基本的な考え方は、水星が「逆行」しているとき、ものごとが普段より計画どおりに進まないというものだ。たとえば乗り継ぎができなかったり、遅れたり、キャンセルされたり。
占星術師と天文学者の間で、水星の運動(あるいは見かけの運動)と、2つ離れた惑星に住む人間たちの日常生活で起きる出来事との関係について、一致を見ることは考えにくいが、水星が逆行していることの意味については、事実上意見が一致している。
「惑星が逆行していると私たちがいうとき、それは地球から見て、惑星が空を横切る運動が、一定期間、毎夜、いつもの方向とは逆になることを意味しています」と、宇宙科学機関である惑星協会のケイト・ハウウェルズは説明する。
天文学者の用語は「見かけの逆行運動(apparent retrograde motion)」であり、それは水星が実際に運動方向を変えるわけではないからだ。
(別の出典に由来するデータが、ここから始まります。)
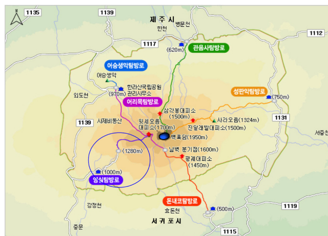
Fig. 1. Survey area of Yeongsil in Hallasan Mountain National Park.

Insect nets were used to collect flying insects, such as dragonflies, sweeping method was used in areas of dense tree and shrub population, and insects living on decaying trees and dried leaves were collected after turning over or digging for them. In order to capture nocturnal insects, portable generator (220V mercury lamp) and UV bucket light traps (Bioquip 12V, 18AH, 31.3Cm in diameter,

実際には、2つの惑星が太陽を周回する中で、動いている水星が、よりゆっくりと動いている地球を追い越すことによる、観点の問題だ。
結果として水星は、空を逆方向に横断していくように見えるが、現実には、水星が周回する軌道が太陽にずっと近くて短いために、地球を追い越しているだけだ。
The astronomical explanation for Mercury's retrograde motion in our skies: the inner planet appears to retrace its steps a few times per year. Every planet does this, every year. In fact, there is a planet in retrograde for 75% of 2020 (so, it's not unusual) pic.twitter.com/HBHThq475i
— Dr James O'Donoghue 🪐 (@physicsJ) July 12, 2020
この事象は思ったより頻繁に起きている。水星の軌道周期は、地球の365日に対してわずか約88日なので、水星が見かけの逆行運動をする現象は1年に3~4回起きる。